Many wonder if and how does coffee help with concentration. It’s ones of the world’s most popular psychoactive substances, increasing dopamine levels and improving energy levels. It’s popular for helping with concentration, elevating your mood, and getting your body going. Yet, caffeine consumption can also lead to anxiety and sleep deprivation. This article looks more closely and answers, “how does coffee help with concentration?”
How does Coffee Help with Concentration?
It’s not often that we consider coffee a drug, but caffeine is one of the most widely used natural psychoactive substances in the world. Caffeine is found in many plants, but it’s also synthetically produced and used in medications and energy drinks for its energising and focus-promoting effects.
Though caffeine can be found in many different food and drink products, coffee is the most potent and most consumed caffeinated beverage. A single eight-ounce cup of coffee contains between 95-200mg of caffeine. For comparison, a 12-ounce soda contains 35-45mg, about half the amount of a weaker cup of coffee.
When we consume caffeine, it can take between 30-60 minutes for our body to experience the maximum effects. After being absorbed, caffeine is efficiently distributed throughout the whole body, and it crosses the blood-brain barrier.

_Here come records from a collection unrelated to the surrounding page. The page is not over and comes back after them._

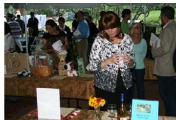
Visitors survey the silent auction offerings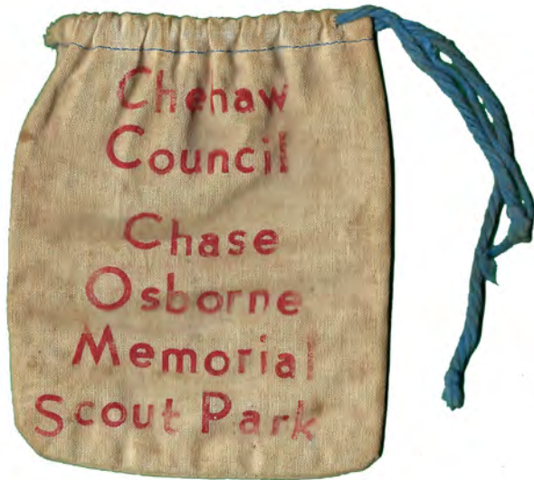
Cloth Bag Circa 1950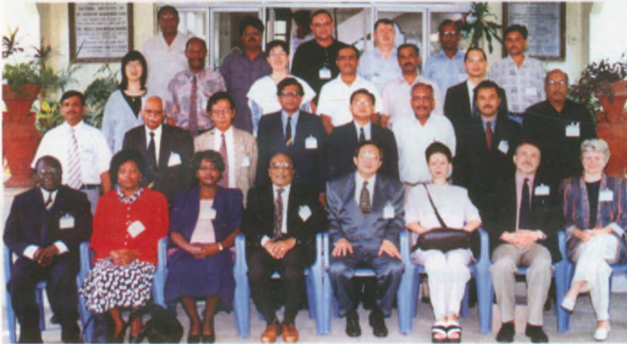
Participants at the seminar pose for a photograph

The ICA in collaboration with the National Co-operative Union of India held an International Seminar on "Value-based Professional Management in co-operatives" from 31 August to 11 September, 1998 in Pune, Western India.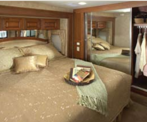
The Legacy bedroom is richly appointed with decorative pillows, a quilted bedspread and even a cedar-lined wardrobe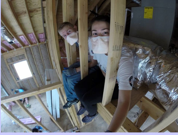
Summer of Service AmeriCorps members

Ocean County's ReBuild NJ AmeriCorps program began installing the insulation and drywall in attempts to remain on schedule for their August completion date.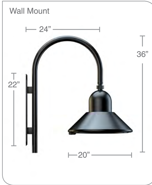
GC6020 / CW36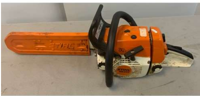
64. V - STIHL MS240 PETROL CHAIN SAW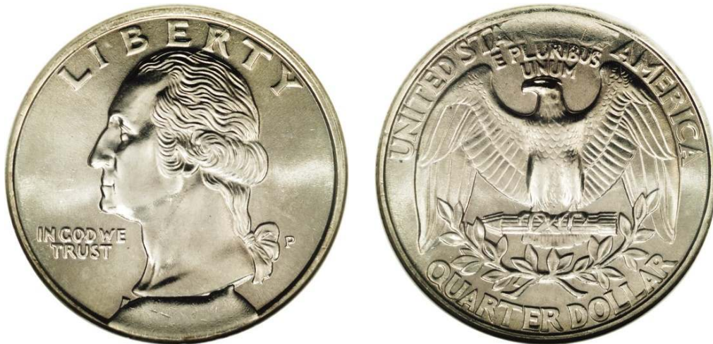
(19--)-P Washington quarter with an obverse die break where the date should be. This is a "cud." (Notice the affected area on the reverse that did not strike fully due to the obverse cud error.)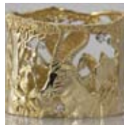
World of Africa Bracelet with 1.60cttw $45000

The World of Africa collection features elephants, giraffes, zebra's and other iconic African animals. Each piece is hand carved by award winning designer Robert Pelliccia. The World of Africa collection is made from 100% recycled 18kt gold and features high quality diamonds that are cut and polished in Namibia.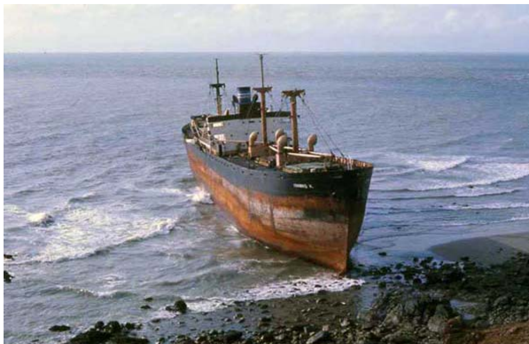
Binh Thuy, beautiful day at the beach. Grounded Freighter. MSgt Summerfield 1969: 16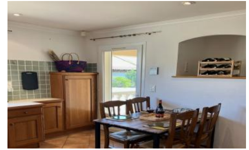
Kitchen dining area

Adenosine is a sleep-promoting chemical and plays a key role in our sleep-wake cycle. The brain produces adenosine the longer we’re awake. The more it builds up, the sleepier we become. When caffeine crosses the blood-brain barrier, it blocks our adenosine receptors, which means we remain alter and vigilant rather than becoming sleepy. Caffeine effectively borrows energy. Once caffeine leaves our system, we get a rush of Adenosine which is the reason for the caffeine slump that’s often experienced.
Furthermore, there is research that shows how caffeine interferes with our Circadian rhythms which delays our onset of sleep. These rhythms are natural physiological patterns that operate on a 24-hour clocks. Because caffeine has on our Adenosine, it’s suggested that caffeine’s interference with this process may explain its impact on circadian rhythm.
Given the above, it’s now easy to understand how does coffee help with concentration.
The Benefits of Caffeine
Due to the way caffeine effects the Adenosine levels in our brain, there are a few useful benefits it’s known for.
- Enhances short-term memory: Caffeine can help to improve alertness and enhance short-term capabilities so that you can easily learn and absorb new information. This can be helpful during a long study session, allowing you to retain more detail over a short period of time. In fact, studies show that drinking a cup of coffee before you hit the books can help you absorb information for more than 24 hours.
- Increases concentration and focus: When you’re studying or working at home, you’re often surrounded by distractions that can make it difficult to check things off your to-do list. Coffee can work to centre our focus and improve alertness when combing through your to do lists.
- Improves mood: Coffee is also said to improve your mood. Like other psychoactive compounds, caffeine causes your body to increase the level of dopamine to your brain, which in turn makes you feel happy.